Brief:
Reproduce, from the lines below, exactly the stretch that begins at the line containing "何刚 演唱的小吃好吃在四川歌词,小吃好吃在四川简谱." and ends at the line containing "Firma C.Bechstein nagrodziła", both included.

Dataset excerpts:
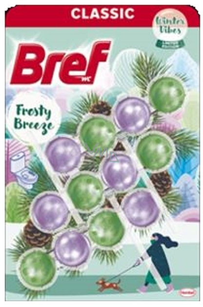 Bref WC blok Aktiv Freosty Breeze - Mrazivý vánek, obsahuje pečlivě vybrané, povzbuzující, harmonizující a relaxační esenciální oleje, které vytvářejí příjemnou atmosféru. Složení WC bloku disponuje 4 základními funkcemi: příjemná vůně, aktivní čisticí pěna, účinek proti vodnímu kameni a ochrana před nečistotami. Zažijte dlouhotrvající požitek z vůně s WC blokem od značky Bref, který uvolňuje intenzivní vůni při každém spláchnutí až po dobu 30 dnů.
--
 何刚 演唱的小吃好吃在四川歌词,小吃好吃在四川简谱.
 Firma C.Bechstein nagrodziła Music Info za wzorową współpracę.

Worked solution:
 何刚 演唱的小吃好吃在四川歌词,小吃好吃在四川简谱.
 Firma C.Bechstein nagrodziła Music Info za wzorową współpracę.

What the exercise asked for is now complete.